The Assurance Policy contains an UM Endorsement that modifies the Business Auto Coverage Form. The UM Endorsement states:

B. Who Is An Insured

If the Named Insured is designated in the Declarations as:

1. An individual, then the following are "insureds":

a. The Named Insured and any "family members":

b. Anyone else "occupying" a covered "auto" or a temporary substitute for a covered "auto". . . .
c. Anyone for damages he or she is entitled to recover because of "bodily injury" sustained by another "insured".
2. A partnership, limited liability company, corporation or any other form of organization, then the following are "insureds":
a. Anyone "occupying" a covered "auto" or a temporary substitute for a covered "auto". The covered "auto" must be out of service because of its breakdown, repair, servicing, "loss" or destruction. b. Anyone for damages he or she is entitled to recover because of "bodily injury" sustained by another "insured".

Defendant seeks summary judgment, contending that the insurance policy only insures United Heating and Cooling Company, ("United") a corporation owned by Plaintiffs, and not Plaintiffs as individuals. Defendant argues that, because United is the only "Named Insured," Plaintiffs are not covered by the policy for the type of injuries Charles Thiel sustained, and the nature of the accident that caused those injuries.

II. STANDARD OF REVIEW

Under Rule 56(c) of the Federal Rules of Civil Procedure, summary judgment may be granted when "the pleadings, depositions, answers to interrogatories, and admissions on file, together with the affidavits, if any, show that there is no genuine issue as to any material fact and that the moving party is entitled to judgment as a matter of law."

As the United States Supreme Court has ruled:

In our view, the plain language of Rule 56(c) mandates the entry of summary judgment, after adequate time for discovery and upon motion, against a party who fails to make a showing sufficient to establish the existence of an element essential to that party's case, and on which that party will bear the burden of proof.
Celotex Corp. v. Catrett, 477 U.S. 317, 322 (1986).

The movant bears the burden of demonstrating the absence of all genuine issues of material fact. See Hager v. Pike County Bd. of Educ., 286 F.3d 366, 370 (6th Cir. 2002). "[T]he burden on the moving party may be discharged by `showing' — that is, pointing out to the district court — that there is an absence of evidence to support the nonmoving party's case." Celotex, 477 U.S. at 325.

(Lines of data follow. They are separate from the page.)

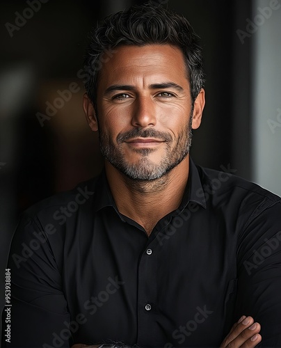man, black, shirt, arm, crossed, arm, cross, portrait, pose, smile, serious, expression, face, wearing, beard, moustache, short, dark, hair, looking, camera, slimmer, front, resting, chin, hand, background, blurred, indoor, setting, window, plant, visible, lighting, soft, natural, creating, moody, atmosphere, mood, professional, relaxed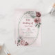 Belo convite de aniversário botânico com flores românticas rosa, brancas e canela rosa/ chianti com folhas verdes em um quadro geométrico romântico. PARA MAIS PRODUTO CORRESPONDENTE, clique na coleção acima ou entre em contato comigo.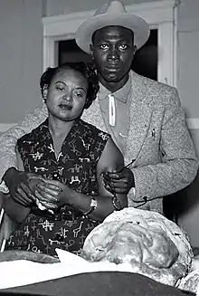 According to Simeon Wright and Wheeler Parker,[38] Till wolf-whistled at Bryant. Wright said "I think [Emmett] wanted to get a laugh out of us or something," adding, "He was always joking around, and it was hard to tell when he was serious." Wright stated that following the whistle he became immediately alarmed. "Well, it scared us half to death," Wright recalled. "You know, we were almost in shock. We couldn't get out of there fast enough, because we had never heard of anything like that before. A black boy whistling at a white woman? In Mississippi? No." Wright stated "The Ku Klux Klan and night riders were part of our daily lives".[32][39] Following his disappearance, a newspaper account stated that Till sometimes whistled to alleviate his stuttering.[40] His speech was sometimes unclear; his mother said he had particular difficulty with pronouncing "b" sounds, and he may have whistled to overcome problems asking for bubble gum.[41][42][43] She said that, to help with his articulation, she taught Till how to whistle softly to himself before pronouncing his words.[42]
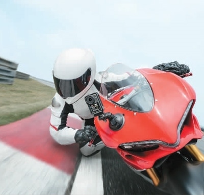 用戶在高速行駛的摩托車上使用大疆運(yùn)動(dòng)相機(jī)進(jìn)行第一視角拍攝。受訪企業(yè)供圖
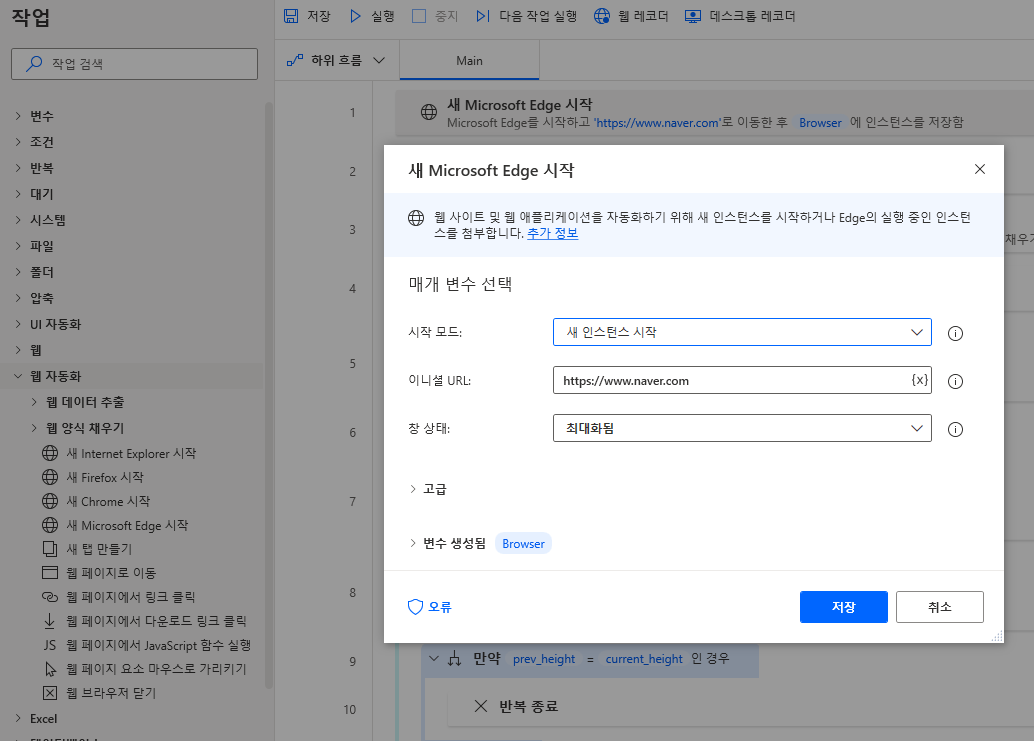 우선 페이지를 열어 네이버로 이동합니다. 좌측 메뉴 웹 자동화 > 새 Microsoft Edge 시작을 끌어와 URL은 네이버, 창 상태는 편하게 보기 위해 최대화를 선택하고 저장합니다.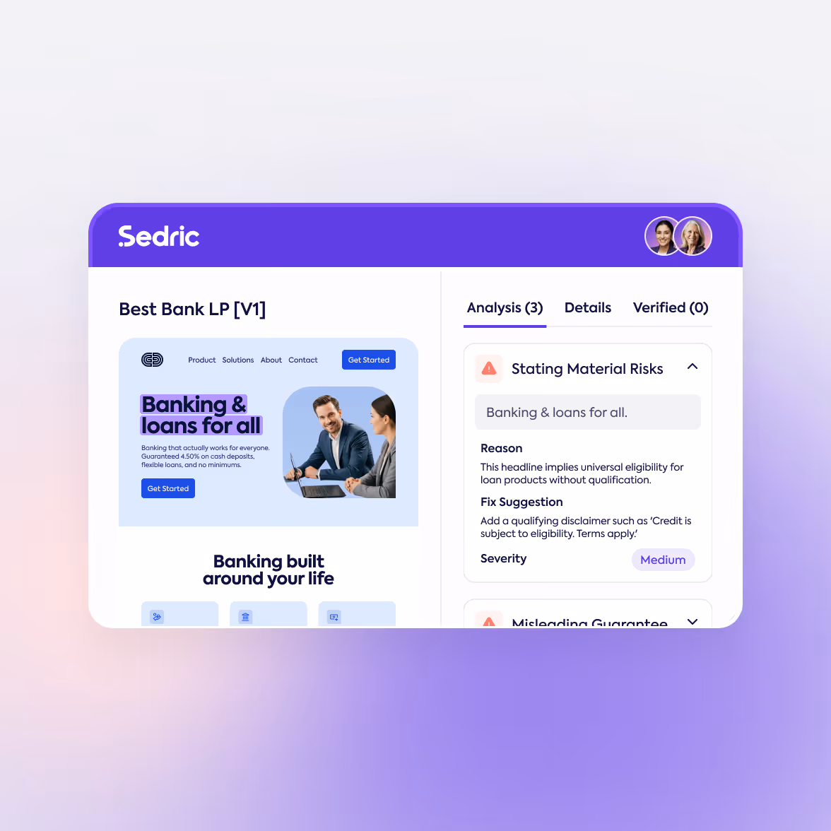 Sedric protects sensitive data and enforces strict controls to meet the security, privacy, and compliance requirements of regulated financial institutions.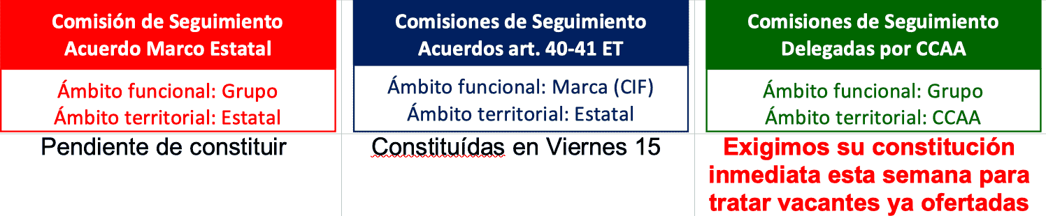 Desde el Grupo Inditex se comprometieron a proceder a dicha constitución esta misma semana, al tiempo que nos remitieron las vacantes ofertadas en 15 tiendas ya cerradas o de cierre inminente, que desde CCOO exigimos tratar de forma urgente en las respectivas Comisiones de Seguimiento territoriales.

Once the moving party carries that burden, the burden then shifts to the nonmoving party to set forth specific facts showing a genuine triable issue. FED. R. CIV. P. 56(e); Chao v. Hall Holding Co., 285 F.3d 415, 424 (6th Cir. 2002). "The movant has the burden of showing that there is no genuine issue of fact, but the plaintiff is not thereby relieved of his own burden of producing in turn evidence that would support a jury verdict."Anderson v. Liberty Lobby Inc., 477 U.S. 242, 256 (1986). The court must view the evidence in a light most favorable to the nonmovant as well as draw all reasonable inferences in the nonmovant's favor. See Hunt v. Cromartie, 526 U.S. 541, 549 (1999); Sagan v. U.S., 342 F.3d 493, 497 (6th Cir. 2003).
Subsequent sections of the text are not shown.